THE PROBLEM: Transcribe each record exactly, but omit pictures.
━━ RECORDS SUPPLIED ━━
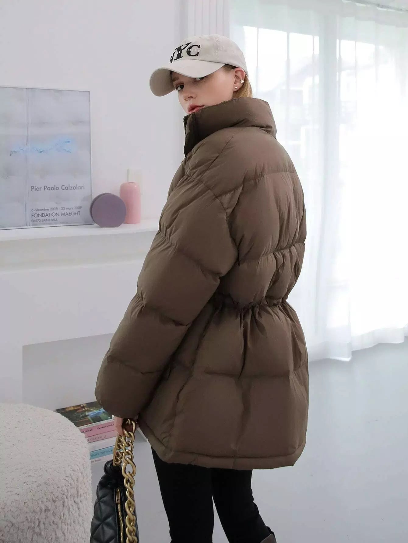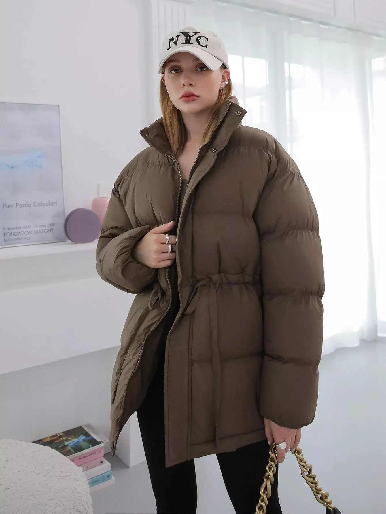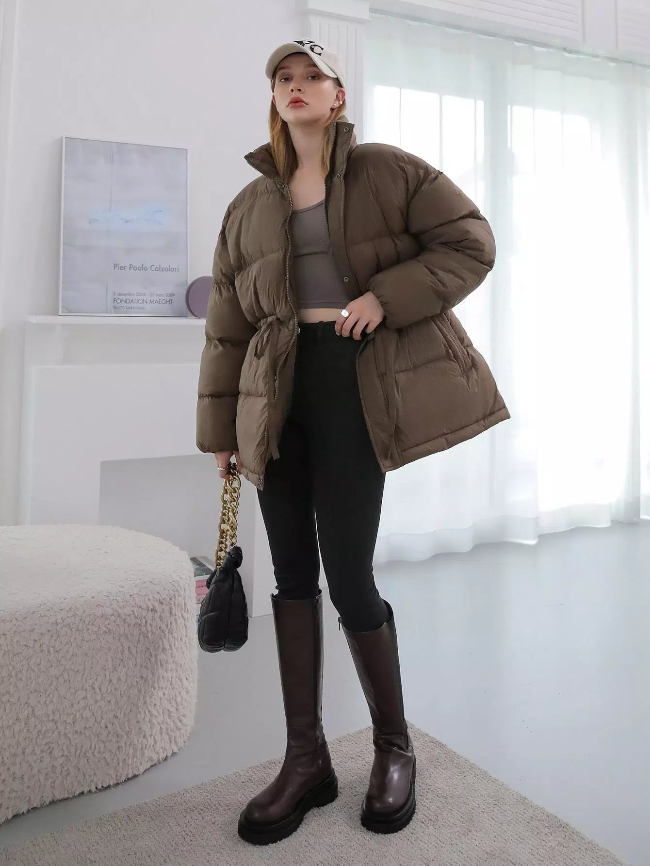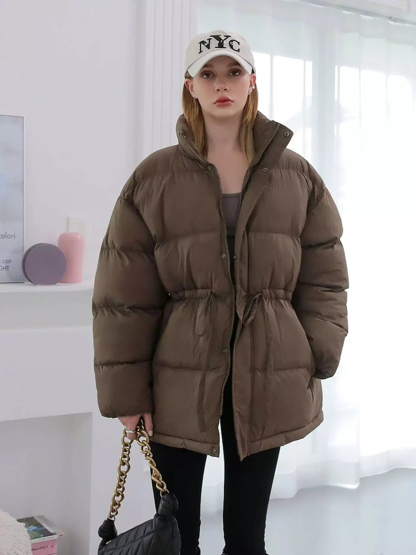 معطف سادة منفوخة منفوخة الخصر بسحّاب سادة
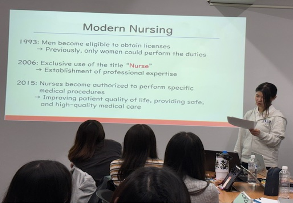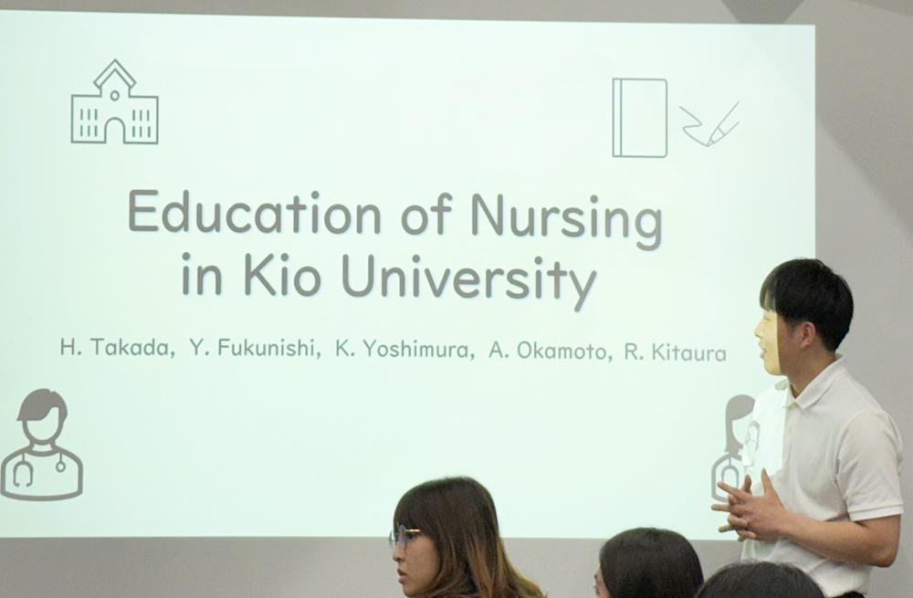 次に4グループに分かれて、各々日本の文化、看護、看護教育等について発表しました。私たちの発表は、日本の文化をテーマに発表し、最後に台湾の学生と一緒に食事の挨拶をしました。緊張しましたが、全員が積極的に参加していただき、とても発表しやすい環境でした。台湾では、教員と学生の距離が近く、意見交換が活発に行われていたことから、学生が主体的に学ぼうとする姿勢につながっていると考えました。
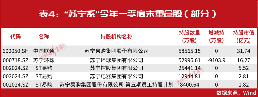 据梳理,“苏宁系”还重仓了苏宁环球和ST易购,均为自家产业(见表4)。其中,“苏宁系”掌门人张近东的胞兄张桂平重仓持有苏宁环球,“苏宁系”的苏宁控股集团有限公司、苏宁电器集团有限公司以及苏宁易购集团股份有限公司-第五期员工持股计划联合重仓了ST易购。在这之外,张近东同样为ST易购的前十大股东之一,并且位列第二。
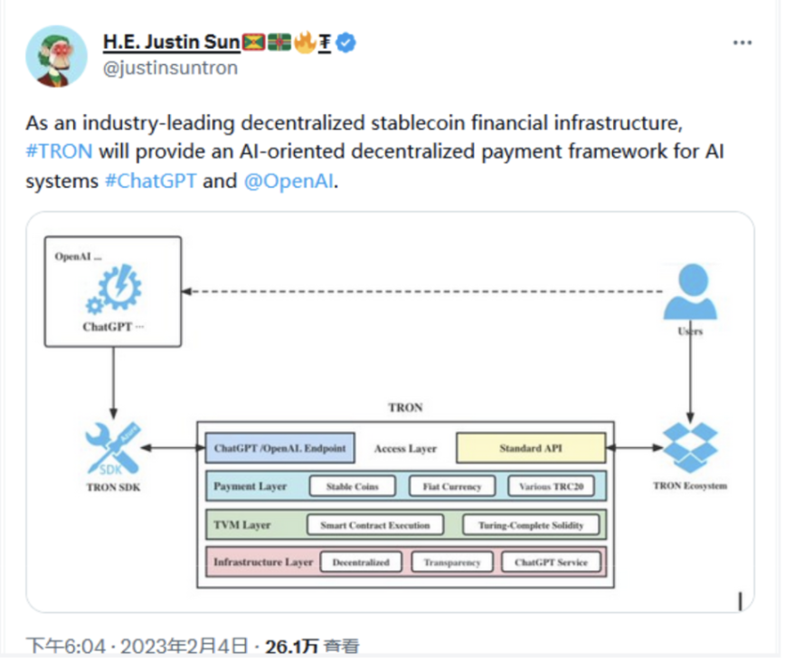 Justin Sun:波场 TRON 将为 ChatGPT 提供去中心化支付框架2 月 4 日,波场 TRON 创始人、火必 Huobi 全球顾问委员会成员 Justin Sun 在发推称:波场 TRON 将为 AI 系统 Chat GPT 提供去中心化支付框架,框架涵盖链上智能合约体系、支付层协议、底层调用 SDK 和 AI 支付网关。情报来源:https://twitter.com/justinsuntron/status/1621811959883776003
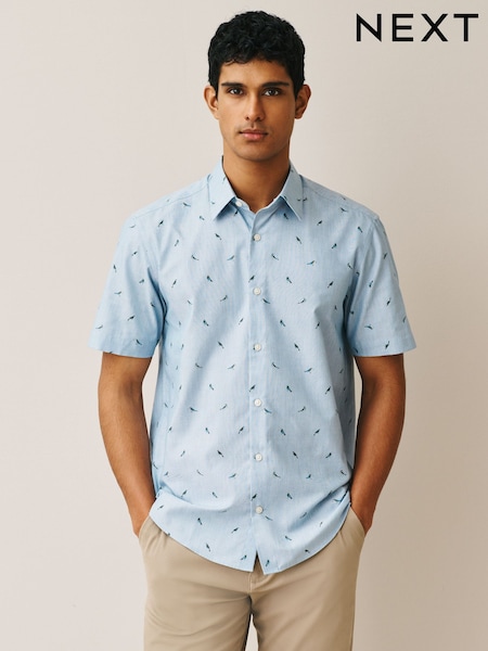 Blue Textured Floral Regular Fit 100% Cotton Short Sleeve Print Shirt
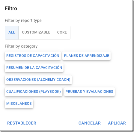 Elija cualquier combinación de tipo de reporte y categoría, luego seleccione APLICAR.
━━━
TASK OUTPUT:
 معطف سادة منفوخة منفوخة الخصر بسحّاب سادة
 次に4グループに分かれて、各々日本の文化、看護、看護教育等について発表しました。私たちの発表は、日本の文化をテーマに発表し、最後に台湾の学生と一緒に食事の挨拶をしました。緊張しましたが、全員が積極的に参加していただき、とても発表しやすい環境でした。台湾では、教員と学生の距離が近く、意見交換が活発に行われていたことから、学生が主体的に学ぼうとする姿勢につながっていると考えました。
 据梳理,“苏宁系”还重仓了苏宁环球和ST易购,均为自家产业(见表4)。其中,“苏宁系”掌门人张近东的胞兄张桂平重仓持有苏宁环球,“苏宁系”的苏宁控股集团有限公司、苏宁电器集团有限公司以及苏宁易购集团股份有限公司-第五期员工持股计划联合重仓了ST易购。在这之外,张近东同样为ST易购的前十大股东之一,并且位列第二。
 Justin Sun:波场 TRON 将为 ChatGPT 提供去中心化支付框架2 月 4 日,波场 TRON 创始人、火必 Huobi 全球顾问委员会成员 Justin Sun 在发推称:波场 TRON 将为 AI 系统 Chat GPT 提供去中心化支付框架,框架涵盖链上智能合约体系、支付层协议、底层调用 SDK 和 AI 支付网关。情报来源:https://twitter.com/justinsuntron/status/1621811959883776003
 Blue Textured Floral Regular Fit 100% Cotton Short Sleeve Print Shirt
 Elija cualquier combinación de tipo de reporte y categoría, luego seleccione APLICAR.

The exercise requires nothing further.